Work request: Repeat the data that follows exactly, starting at the line with "JUAL RUMAH LELANG" and ending at the line with "毕业典礼在雄壮的国歌声中拉开帷幕。", and leave out every picture.

Stored data:
· · · · · · ·

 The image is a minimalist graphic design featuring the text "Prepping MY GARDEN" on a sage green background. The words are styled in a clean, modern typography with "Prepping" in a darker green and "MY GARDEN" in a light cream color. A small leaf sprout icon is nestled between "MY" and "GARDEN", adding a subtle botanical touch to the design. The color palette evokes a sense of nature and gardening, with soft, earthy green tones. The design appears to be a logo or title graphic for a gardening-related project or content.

· · · · · · ·

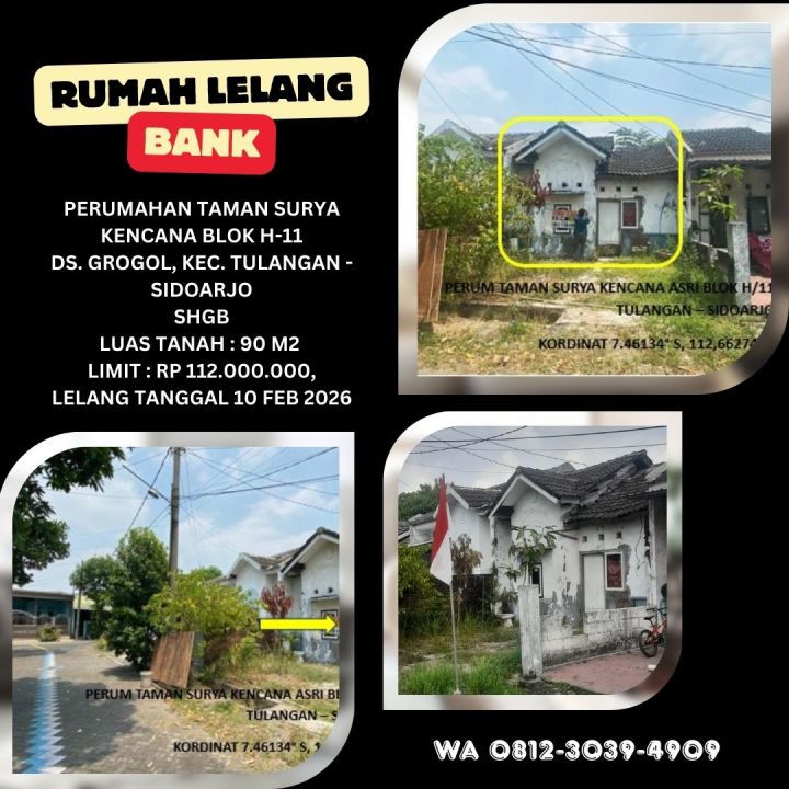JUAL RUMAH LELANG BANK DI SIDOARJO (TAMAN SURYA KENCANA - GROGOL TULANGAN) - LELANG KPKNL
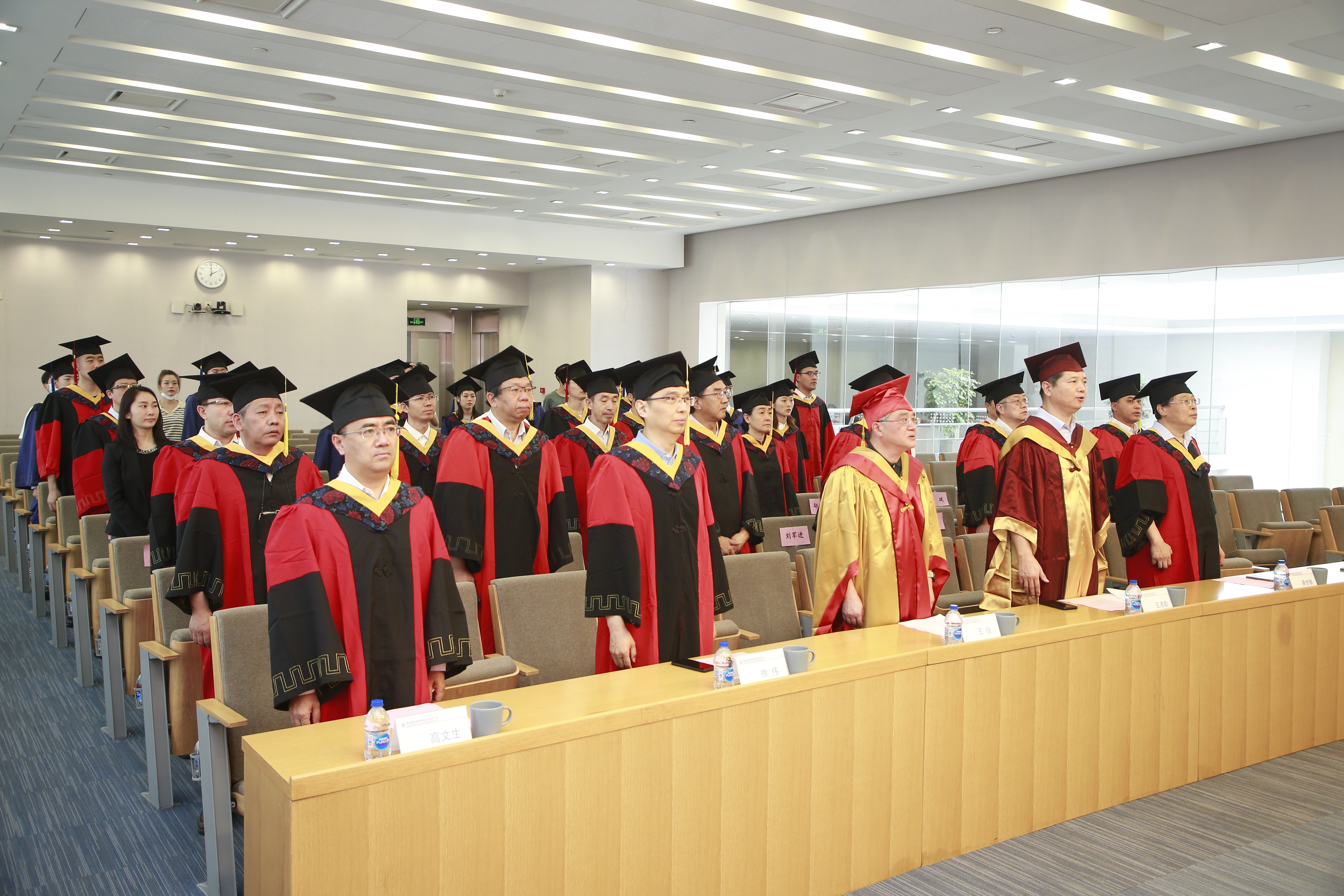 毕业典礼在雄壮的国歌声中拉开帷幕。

· · · · · · ·

Written answer:
JUAL RUMAH LELANG BANK DI SIDOARJO (TAMAN SURYA KENCANA - GROGOL TULANGAN) - LELANG KPKNL
 毕业典礼在雄壮的国歌声中拉开帷幕。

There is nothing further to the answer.